The Control Plane and You

Viptela was not the first WAN solution to disaggregate the control plane from the data plane, allowing multiple routers to share a common views of the network. IWAN did it with Performance Routing, and before that, BGP was doing it with scalability techniques like route reflectors. The vSmart Controller bears some similarity to these, but goes far beyond what each of them were capable of doing. Viptela had no intention of leveraging only BGP, nor was it a solution of solutions like IWAN. Because of this, the control plane was designed from the ground up to be scalable and disaggregated, as well as give each WAN edge the policy and visibility that translates business intent into network functionality. The heart of the Cisco SD-WAN control plane is the purpose-built protocol that’s used between the vSmart Controllers and WAN Edges: the Overlay Management Protocol.
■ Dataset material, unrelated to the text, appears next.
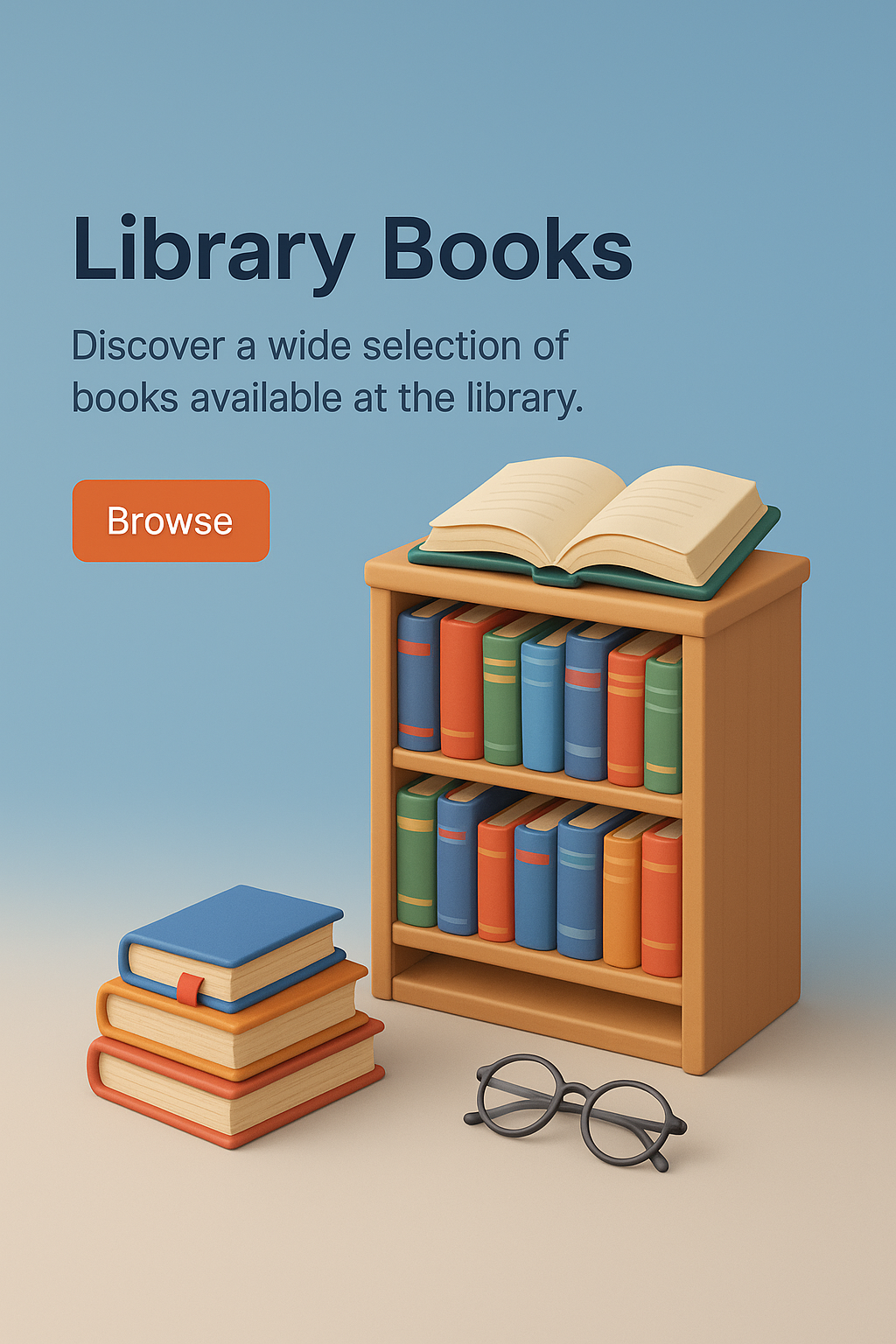 A detailed 3D illustration of a library scene featuring a bookshelf filled with colorful books, an open book, and reading glasses. The background has a smooth gradient, presenting a cohesive design.

vSmart Controller: The Next-Gen Route Reflector 

It is a gross oversimplification to refer to the vSmart as a simple route reflector, but it is also an important part of relating the routing that most engineers know with this solution. So let’s take a moment to review BGP route reflectors in order to understand the similarities, and then differences, between the two.

In the case of BGP, the reason for route reflectors is a byproduct of how the protocol works. BGP is a path vector protocol, and this means that instead of there being some computation shared within the autonomous system (Like OSPF and EIGRP uses), BGP uses other attributes, most notably the AS-Path. This is because BGP is a zero-trust model meant to accept routes from only (somewhat) trusted peers.

What makes BGP a path vector protocol instead of a distance vector protocol is that the loop avoidance mechanism is the AS-Path itself, which could consist of hundreds or thousands of intermediate routers. The details are hidden because of the original intention that BGP was a protocol to use between separate autonomous systems. In the case of iBGP, however, we now have a problem. If the AS-Path is the loop avoidance mechanism, and all of the routers exist within the same AS, our only means of avoiding loops just disappeared. To solve this problem, iBGP peers will not pass on routes learned from other iBGP peers. While this resolves loops, it also means that a full mesh of iBGP routers is required, running separate control plane adjacencies for every other router. This is clearly not scalable, and is why route reflectors exist.

Each iBGP router can establish a BGP peering with one or more route reflectors, which will reflect the other iBGP routers’ routes to them. With route reflection, there is, by default, some visibility loss in routing as the route reflectors make best-path decisions and reflect only those routes, and it is here where the ‘vSmart as Route Reflector’ comparison stops.

The vSmart Controller does act as a route reflector for the WAN Edges insofar as it is a centralized point of control plane peering and route exchange, which improves the scalability of the solution. However, the Overlay Management Protocol was built to carry far more than route updates, and it is OMP itself that makes the vSmart much more than a route reflector.

How the vSmart Controller Works

Before getting into OMP in more detail, let’s take a look at how the vSmart actually works as part of the SD-WAN fabric.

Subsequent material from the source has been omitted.